Diesel oder Benziner – sinnvoller Autokauf

Diesel oder Benziner – was macht Sinn? Foto: Pixabay

Bei der Autowahl stellt sich immer wieder die Frage, ob man einen Benziner oder Diesel kaufen soll. Dabei waren es hierzulande eine lange Zeit die „Diesel-Fahrer“, die den Neuwagenhändlern Glücksgefühle bescherten. So waren 2015 noch mehr als 48 Prozent der Autokäufe ein Diesel. Neben dem Abgas-Skandal und den immer wieder aufkeimenden Gesprächen über Fahrverbote, viel die Nachfrage für Dieselfahrzeuge immer mehr ab. Hierdurch stehen Benziner deutlich höher im Kurs. Lesen Sie mehr über die facettenreichen Variationen.

Doch auch wenn die Zahlen bei den Pkw-Neuzulassungen für Diesel-Fahrzeuge sinkend sind, stellt sich die Frage beim Autokauf dennoch. Benziner oder Diesel ist weiterhin eine aktuelle Entscheidung. Eine einfache Antwort gibt es dabei nicht. Denn beide können mit Vor- und Nachteilen aufwarten. Dabei werden beide Kraftstoffe aus Rohöl gewonnen. In der Masse hingegen zeigt sich ein deutlicher Unterschied. Denn Diesel ist schwerer, da er eine höhere Anzahl an Kohlenstoffatomen enthält. Im Vergleich zum Benzin verfügt der Kraftstoff Diesel um 13 Prozent mehr Energie. Ein ähnliches Bild zeigt sich bei der umgewandelten Energie aus dem Treibstoff. Benzin schafft hier 37 Prozent – Diesel satte 42 Prozent. Somit ist der Diesel energieeffizienter als der Benziner.

Gibt es ähnliche Differenzen auch bei der Umweltfreundlichkeit?

Lange war man hier der Ansicht, dass Diesel Fahrzeuge umweltverträglicher seien als Benziner. Um dies genauer zu betrachten, muss der Abgasausstoß genauer angeschaut werden. Aufgrund der stärkeren Motorisierung benötigt ein Pkw mit Dieselkraftstoff generell weniger Treibstoff. Somit stößt er weniger CO2 aus, als ein vergleichbarer Benziner. Dennoch muss in diesem Fall ebenfalls die Masse mit eingerechnet werden. Denn Diesel hat, wie bereits erwähnt, eine höhere Masse. Daraus folgert ein erhöhtes Fahrzeuggewicht, was zu einem erhöhten Spritverbrauch führt. Somit ist die Annahme, dass ein Automobil welches Diesel nutzt, auch weniger Kohlendioxid produziert, nur teilweise zutreffend. Zudem kommt es bei Diesel-Motoren zu einem erhöhten Schadstoffpartikelausstoß.

Kosten im Vergleich

Als Letztes müssen noch die Kosten verglichen werden. Wer dabei einen Diesel gebraucht kaufen will, stellt schnell fest, dass dieser meist kostengünstiger zu beziehen ist, als ein vergleichbarer Benziner. Dies ist ebenfalls eine Auswirkung dessen, dass viele aufgrund der aktuellen Lage ihren Wagen verkaufen. Zum anderen fürchten so manche Autofahrer, dass es ein Fahrverbot geben wird. Daher ziehen viele einen Benziner oder ein elektrifiziertes Fahrzeug vor.

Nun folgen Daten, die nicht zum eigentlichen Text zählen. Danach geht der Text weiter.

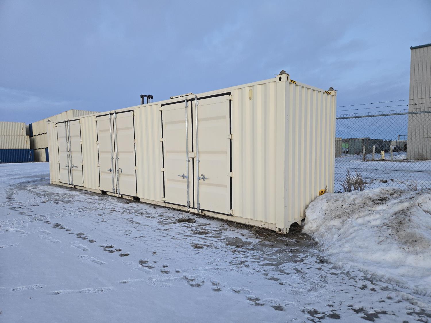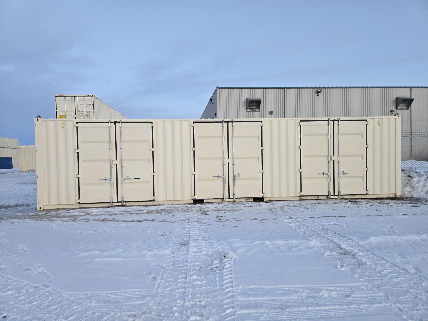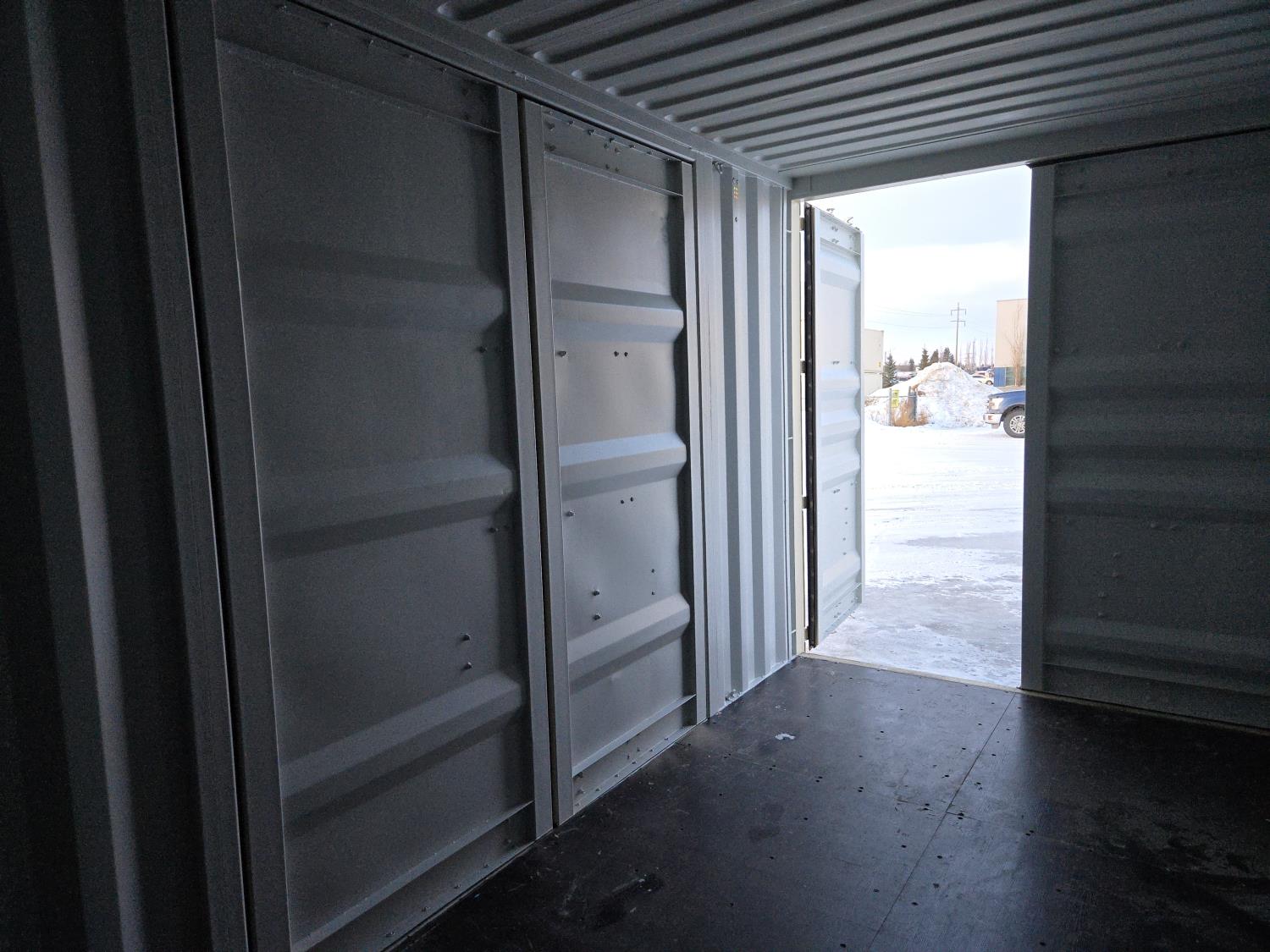 (3) side doors, (1) one end door, 9 ft 6 inch high, one time use container
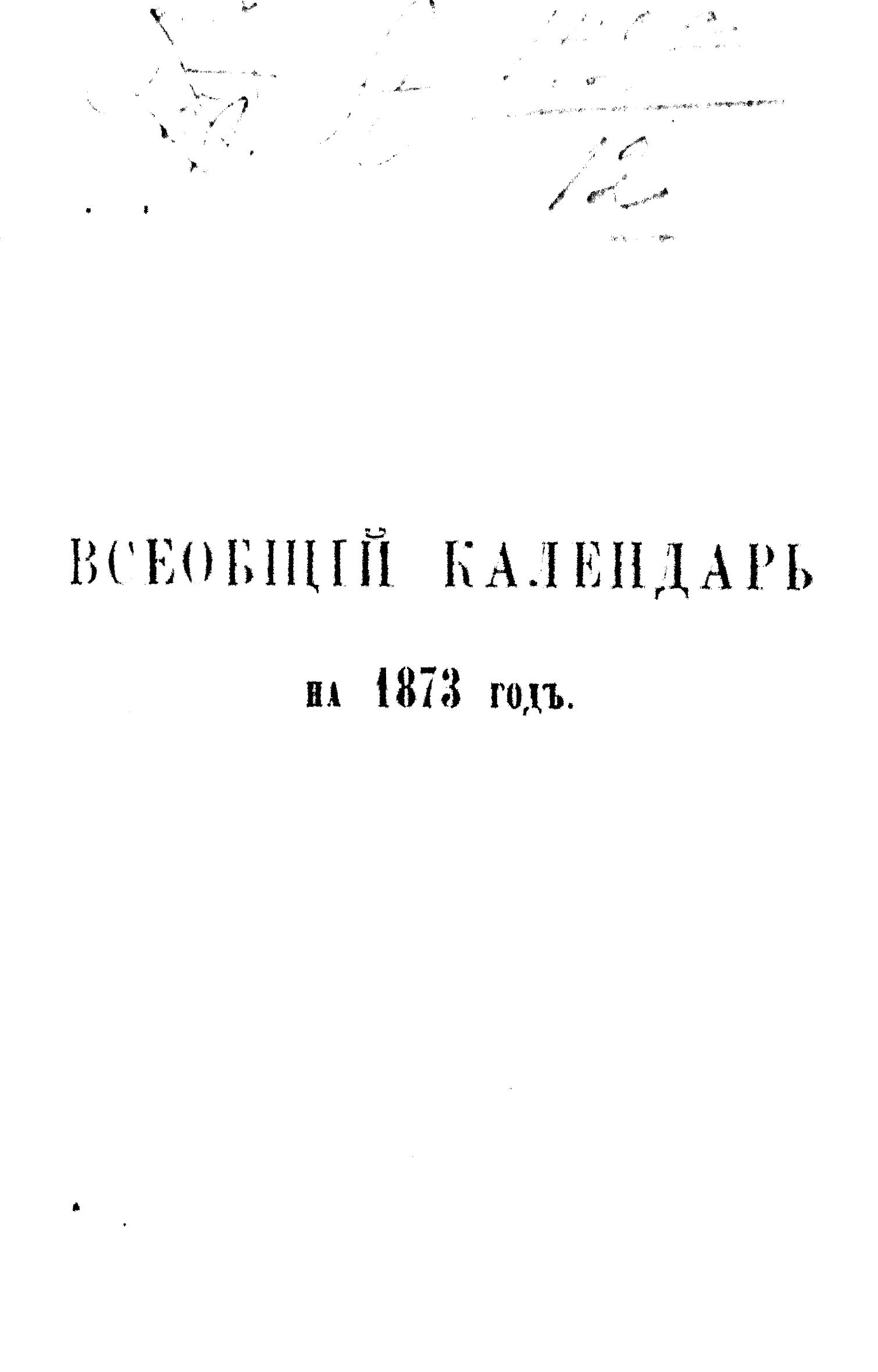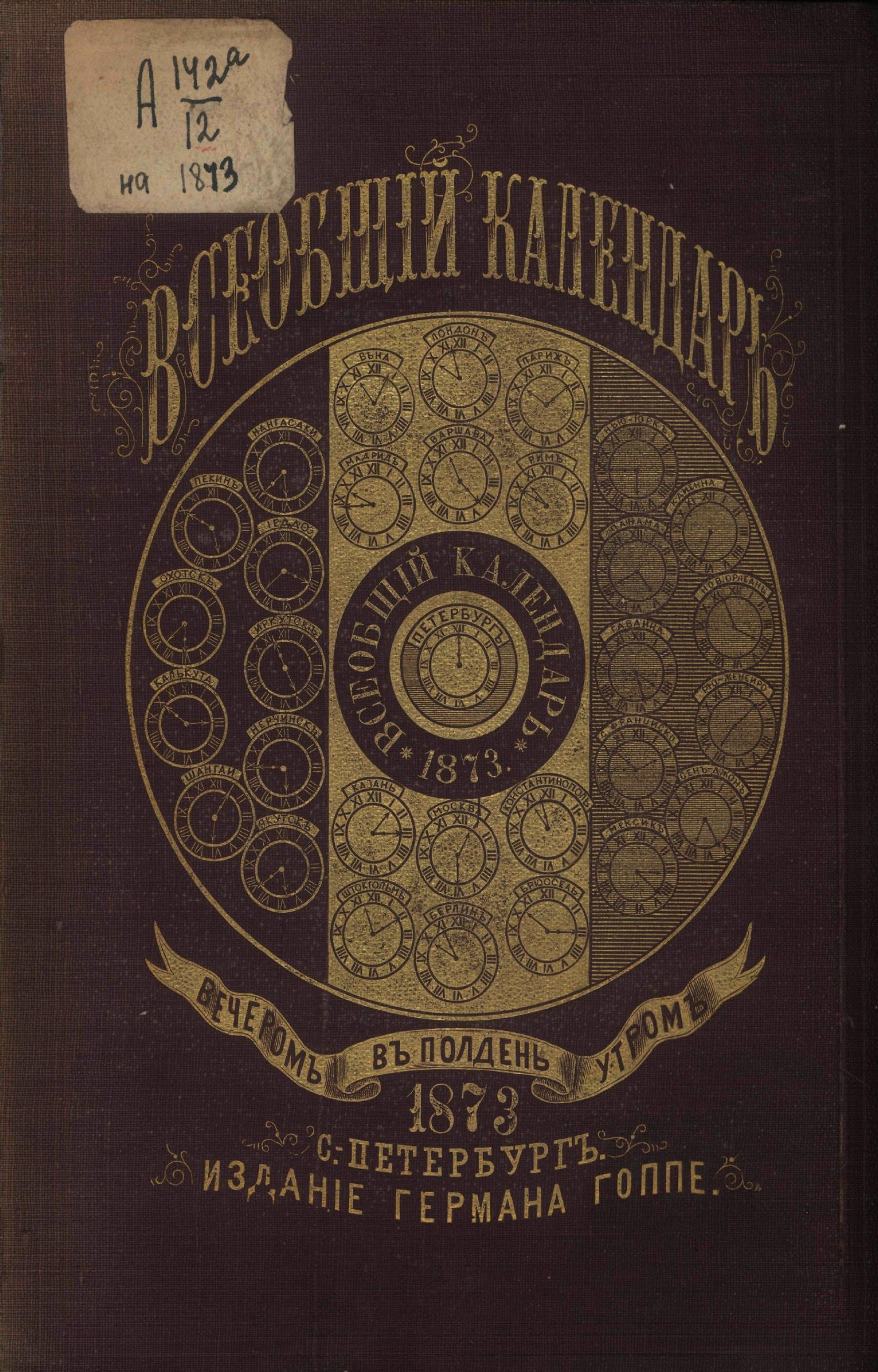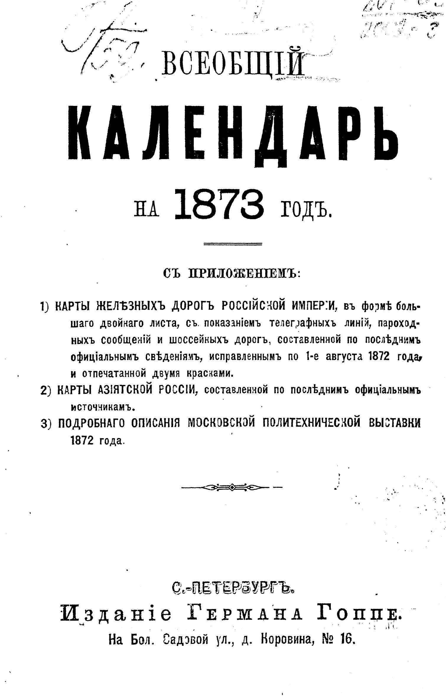 Всеобщий календарь на 1873 г. с прил.: 1) карты ж. д. Рос. империи, сост. по последним офиц. сведениям, испр. по 1-е авг. 1872 г., 2) карты Азиат. России, сост. по последним офиц. источникам, 3) подробного описания Моск. политехн. выставки 1872 г.
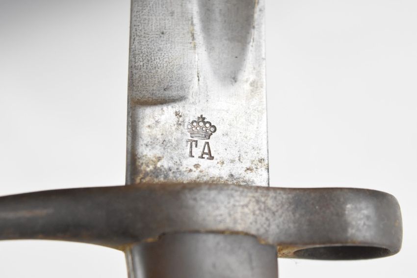 Italian 1870 pattern Vetterli bayonet with wooden grips, external leaf spring, TA to ricasso, 52cm fullered single edged blade, scabbard and later frog. PLEASE NOTE ALL BLADED ITEMS ARE SUBJECT TO OVER 18 CHECK ON COLLECTION OR DELIVERY
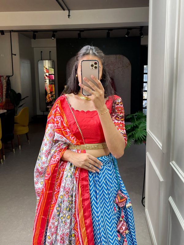 Blue Chinon Laheriya Printed Lehenga For Women
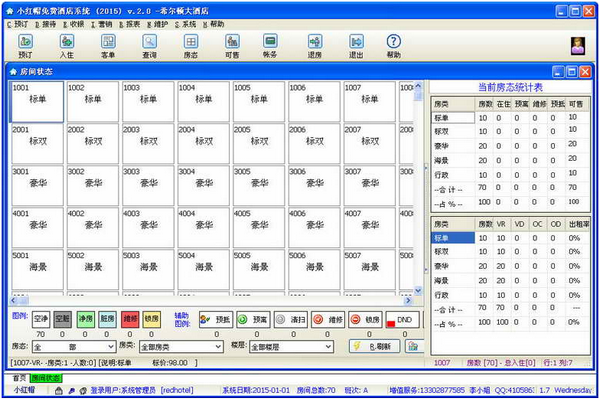 按楼层列出客房号,动态实时地显示客房状态,可显示出房间图片;可直接在房态表选择显示常见的房间列表、全部客房;全部清洁房及不同房类房间状态、客房图表。可直接在房态表上进行房间登记、退房、拖拉换房、账务处理、客人资料修改、押金及延住,实现快速的客与房管理。客人留言、客人换房日志查看。迷你吧的消费登记。今日抵店、今日离店、客房清扫及关联房等标志一目了然。
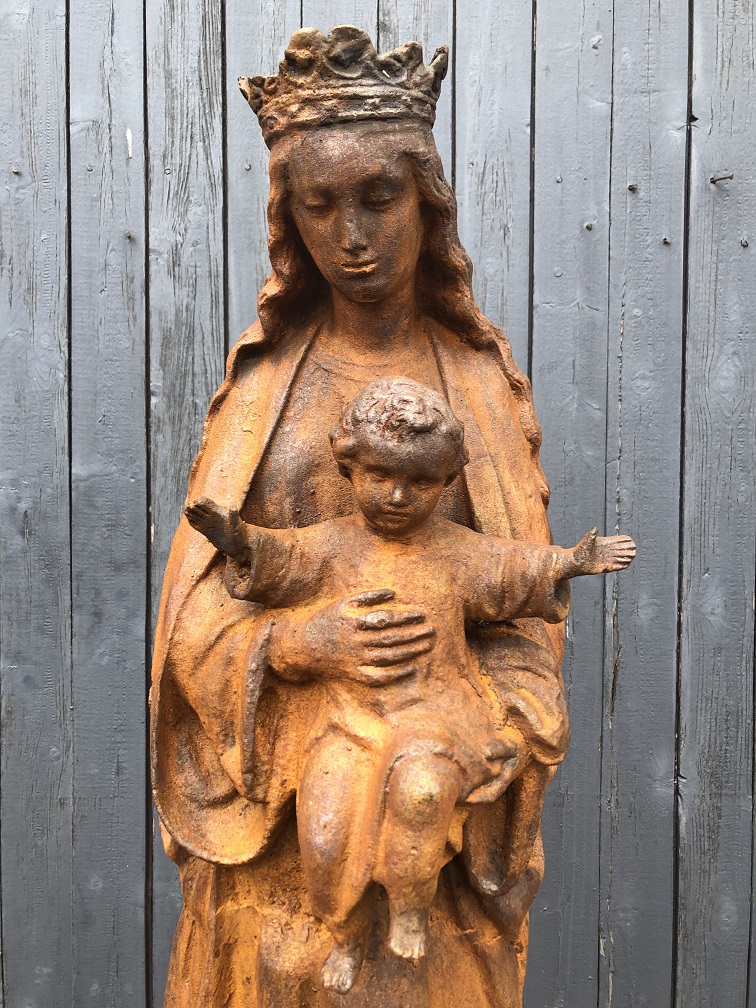 1 x cast iron statue of Mary with Jesus: high approximately 92 cm, 40 cm wide, 40 cm deep, weight approximately 55 kg
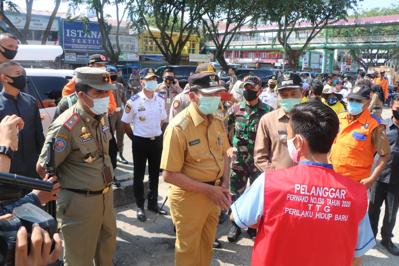 Detil.co,Pekanbaru - Dalam razia protokol kesehatan guna memutus penyebaran Corona Virus Disease (Covid-19) dengan sasaran masyarakat yang tidak menggunakan masker, yang di gelar Pemerintah Kota (Pemko) Pekanbaru bersama Tim Penegakkan Hukum Gugus Tugas Covid-19 didua lokasi, yakni Sukaramai Trade Center (STC) dan didepan Sudirman Square, jaring 59 warga.
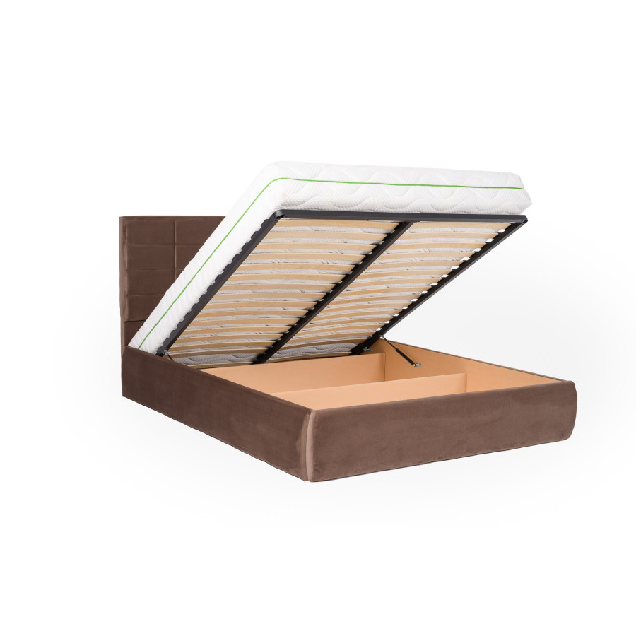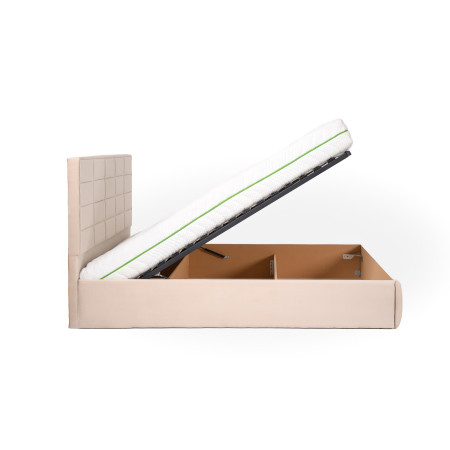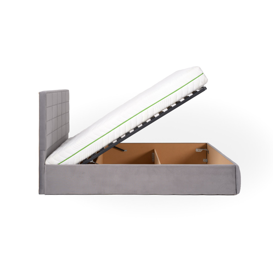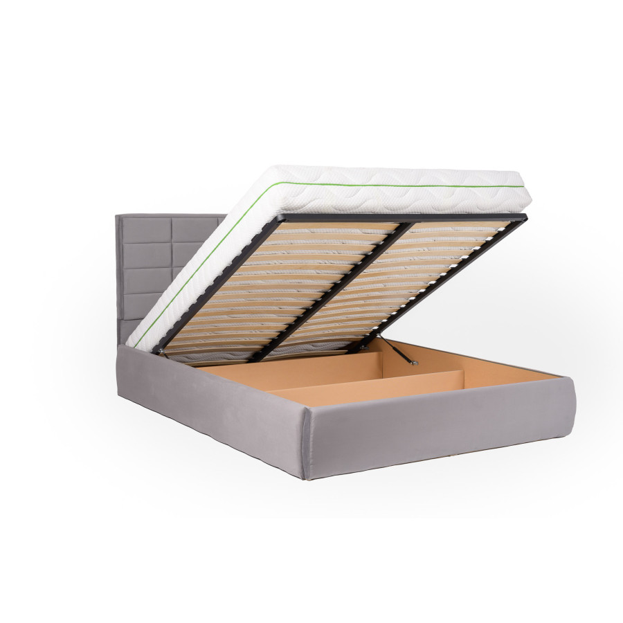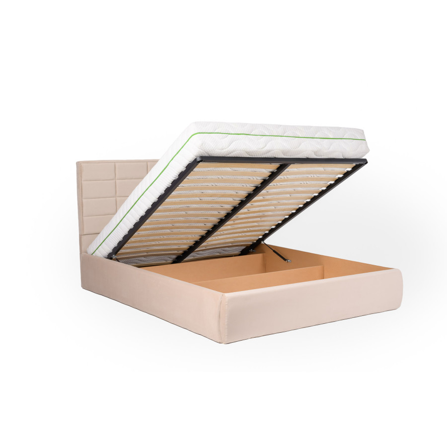 Ši lova turi erdvią patalynės dėžę, lengvai atsidarančią iš galinės pusės, tad visada turėsite vietos patalynėms ir kitoms smulkmenoms. Tvirtas metalinis grotelių rėmas ir tankios grotelės su vos 5 cm tarpu užtikrina patogų miegą, o 1000 N stiprumo pneumatinių amortizatorių sistema leidžia be vargo atidaryti ir uždaryti dėžę, kad ir koks būtų jūsų čiužinio svoris.
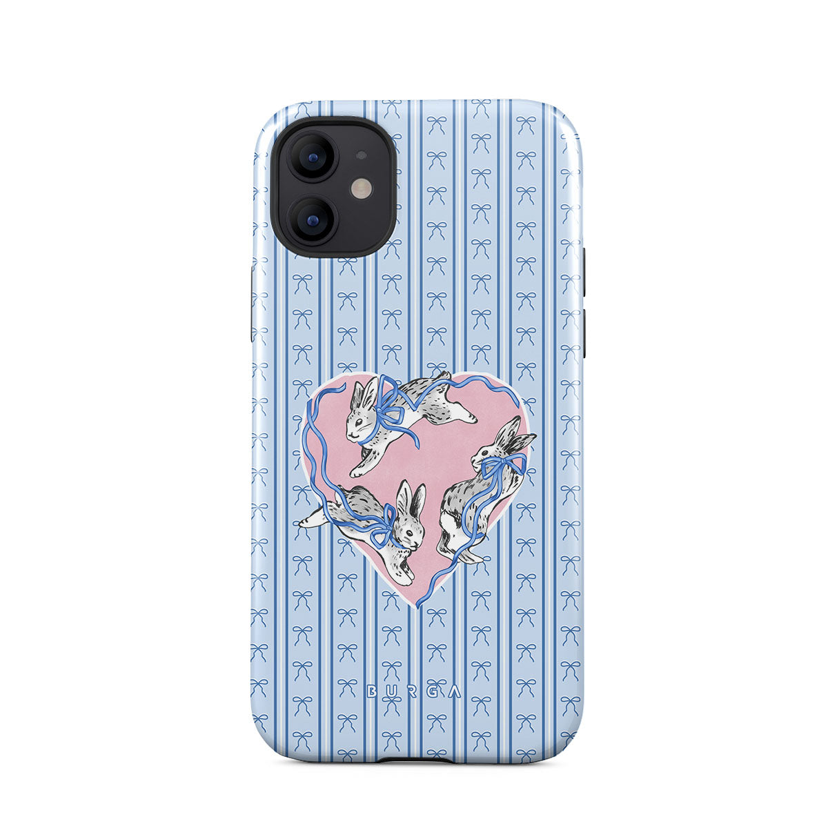 Dieses Design enthält: weiße Kaninchen, Herzrahmen, blaue Streifen

Ein deutlicher Vorteil zeigt sich jedoch in der Energiesteuer. Hier ist der Diesel günstiger. Dennoch zahlen Autos mit dem Kraftstoff fast doppelt so viel Kfz-Steuer. Zudem muss für die Versicherung mehr aufgewendet werden. Für lange Strecken, auf denen ein leistungsstarkes Auto gesucht wird, bietet sich ein Diesel-Fahrzeug immer noch an. Für den urbanen Nutzen hingegen sollte ein Benziner vorgezogen werden.